Eduardo "Volkswagen" Hernández

Personal information
- Full name: Eduardo Hernández Martínez
- Place of birth: El Salvador
- Position: Forward

Senior career*
- Years: Team / Apps / (Gls)
- Alianza
- 1962: Atlante San Alejo
- Juventud Olímpica

International career
- 1961–1965: El Salvador / 12 / (11)

= Eduardo Hernández (forward) =

Salvadoran footballer

Eduardo "Volkswagen" Hernández Martínez is a retired footballer from El Salvador who played as a forward.

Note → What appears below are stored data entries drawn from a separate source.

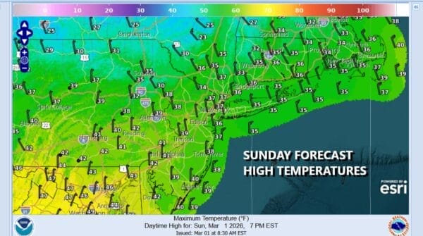 A wave on a frontal boundary to the south has moved through this morning. An area of snow sleet and a little rain has play it’s way through from west to east and now we will spend the rest of the day with improving weather conditions though it is cold. Northerly winds are ushering in a cold start to the month of March and a cold start to meteorological spring which begins today. Temperatures this afternoon will hold mostly in the low to middle 30s with gusty northerly winds and then under clear skies tonight we will see temperatures drop to Monday morning lows in the teens to near 20 degrees.
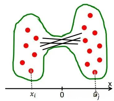 则x必定同时具有正负值(如图所示),在坐标轴两侧分布着一些数据点,在谱聚类算法中我们期望最大化同一类内的连接数量的同时最小化不同类别之间的连接数量即尽量减少数据跨越零点的可能性从数学表达式上讲我们希望
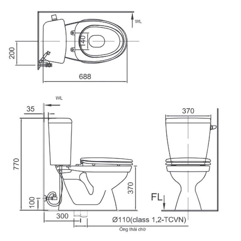 Bồn cầu INAX C-117VAN/ BW1 (C117VAN) 2 khối nắp đóng êm CF-37VSAK (xả gạt)
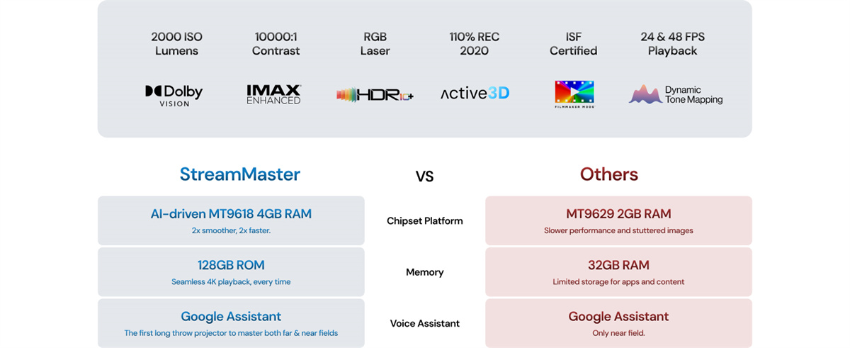 Valerion StreamMaster Plus 2 kotiteatteriprojektori 4K RGB-kolmilaser 110% REC 2020 10000:1 kontrasti Dolby Vision IMAX
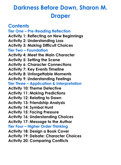 Darkness Before Dawn Sharon M Draper Worksheet Activity Booklet
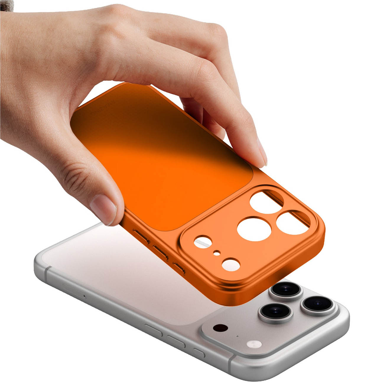 كفر AT Minimal LensGuard لايفون 17 برو ماكس / يدعم MagSafe / ضد الطيحات / برتقالي شفاف
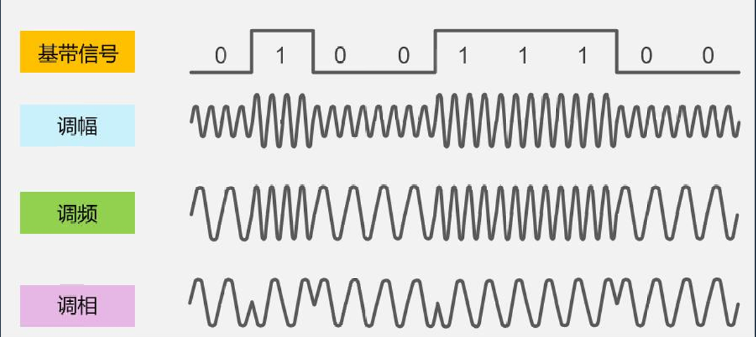 调幅(AM):载波的振幅随基带数字信号而变化,即幅移键控ASK (Amplitude-Shift Keying)。 调频(FM):载波的频率随基带数字信号而变化,即频移键控FSK (Frequency-Shift Keying)。 调相(PM):载波的初始相位随基带数字信号而变化,即相移键控PSK (Phase-Shift Keying)。
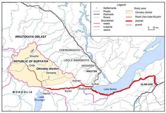 Moreover, even 40 years ago, overland communication between the Okinsky district and the rest of Buryatia was carried out along the Okinsky trail on pack horses. It took four days to get from the nearest village of Mondy (Tunkinsky district, Republic of Buryatia) to the regional center Orlik (Okinsky district) [50]. Only in 1985 did the construction of a gravel road with numerous bridges across the right tributaries of the Oka River begin. The constructed automobile route Mondy–Orlik 81-OP-R3-81K-035 (134 km) is registered as a public road of regional significance.
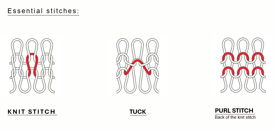 SECTION 2kNITTING TECHNIQUESDefining a stitchEssential stitchesStructures on single and double bedFinishing techniquesGarment knittingOperational range of knittingBasics of machine knittingGauges and tensionKnitting faults < Defining a stitch Overview Structures on single and double bed>

He holds a record for being one of the top 10 goalscorers for the El Salvador national team with 11 goals. "Volkswagen" Hernández participated at the 1961 CCCF Championship, 1963 CONCACAF Championship and the 1965 CONCACAF Championship. Hernández also played at Alianza F.C. of the Salvadoran Premier League in the 1960s.

==International career==
Nicknamed Volkswagen, Hernández played only one game at the 1961 CCCF Championship against Nicaragua where El Salvador won by a score of 10–2. He scored 2 goals at the 69th and 74th minute. At the 1963 CONCACAF Championship, hosted in El Salvador, Hernández started in all 7 games, scoring in 6. He played against Nicaragua (6–1) and scored at the 1st minute; against Panama (1–1) and scored at the 87th minute; against Honduras (2–2) and scored at the 65th minute; against Guatemala (1–1) and scored at the 24th minute; against Costa Rica (1–4) but did not score; against Honduras (3–0) and scored 2 goals at the 13th and 34th minute; against Curaçao (3–2) and scored 2 goals at the 15th and 80th minute. El Salvador were runner-up in the competition. At the 1965 CONCACAF Championship, Hernández played only one game against Curaçao (1–1) and scored one goal at the 8th minute.